- Born: January 10, 1900 Yatsushiro, Kumamoto
- Died: June 14, 1972 (aged 72)
- Occupations: Physician, Director of Kikuchi Keifuen Sanatorium (1934 - 1958)
- Known for: Studies on War and Leprosy (1948), Segregationalist of leprosy control, Foundation of a leper institution in India and death from an airplane accident

= Matsuki Miyazaki =

Japanese medical doctor

Matsuki Miyazaki (宮崎 松記, Miyazaki Matsuki) was a Japanese medical doctor, the director of the Kyushu Sanatorium (Kikuchi Keifuen Sanatorium) (1934–1958) in Kumamoto, Japan. He studied war and leprosy and found that stress was a great factor in the development of leprosy. He later established a leprosy center belonging to Japan Leprosy Mission of Asia, in India. He died in the Japan Airlines Flight 471 airplane accident in 1972.

== Life ==

=== Early life ===
He was born in Yatsushiro City, Kumamoto Prefecture in 1900. He was interested in leprosy when he was a Fifth Higher School student. He visited the neighboring Kaishun Byoin, a leprosy hospital which Hannah Riddell established. After studying at the Medical Faculty, Kyoto Imperial University, he became a chief surgeon at the Osaka Red Cross Hospital. In 1934, he was named the director of the Kyushu Leprosarium. (Later, renamed Kikuchi Keifuen Sanatorium)

=== Kikuchi Keifuen Sanatorium ===
He had been the director for difficult years between 1934 and 1958, since there were great and constant changes in the treatment and life of leprosy patients in the sanatorium. He invited a branch of the National Hansen's Disease Research Institute to his sanatorium (1955–1957), and activated research works for many medical doctors.
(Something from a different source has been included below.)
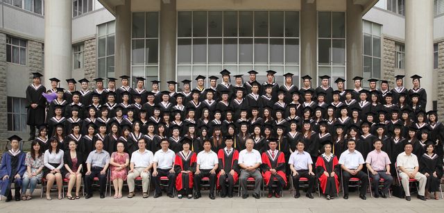 在學(xué)位授予儀式上,李和章、徐強(qiáng)、李壽平、張艷麗、楊亞非等為畢業(yè)生授予學(xué)位、扶正流蘇,并與同學(xué)合影留念。

Concerning the segregation policy, he testified before the Upper House that all patients be hospitalized, and during the history of the Kikuchi Keifuen, the hospitalized patients became the maximum number at his resignation. He has been criticized for his stubborn segregation policy.

=== Japan Leprosy Mission of Asia in India (Jalma Center) ===
In 1959, he traveled to India to study the leprosy situation there. In 1964, he established a leprosy center of Japan Leprosy Mission of Asia, in Agra, India(Jalma Center) and assumed the post of the first director. It was established for the purpose of cooperative basic research of leprosy among Asian nations. Following his death in 1972, Mitsugu Nishiura served as the second director of the Center. In 1976, this center was transferred to the Indian Government.
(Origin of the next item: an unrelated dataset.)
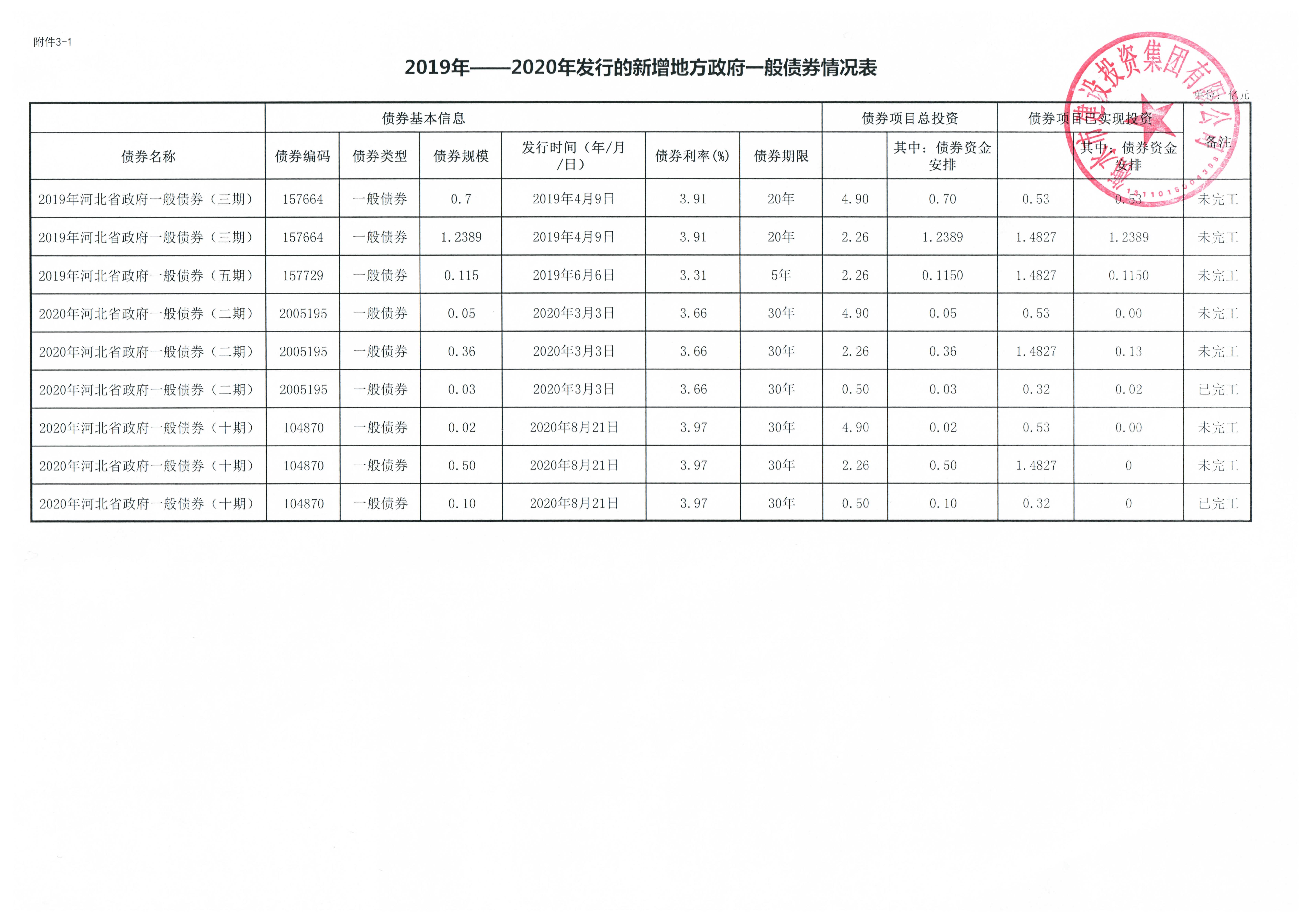 2019-2020年發行的新增地方政府債券情況信息公開

== His Studies on War and Leprosy ==
He made intensive studies on war and leprosy. In 1937, he demanded the Army and Navy authorities that those who developed leprosy during service should receive increased pension (treatment same as those who developed tuberculosis during service). It was realized in 1940.

He read an invited paper in 1947 at a Japanese leprosy congress, and published it. Studying patients with leprosy in his sanatorium who had developed while serving for the Army and Navy of Japan; he discussed various factors such as the kinds of stress, the duration of the draft and the development of symptoms, and concluded that one of the incentives was enormous stress.

== Tatsudaryo Incident (Kurokami Primary School Incident) ==
For the children born of patients, there was a small facility called Tatsudaryo, and he endeavoured so that the pupils would attend a normal primary school. Because of leprosy stigma, social disturbances including strikes of schooling occurred. Although he worked in order to reduce leprosy stigma, this incident reminded people that leprosy stigma was still deep-rooted at that time.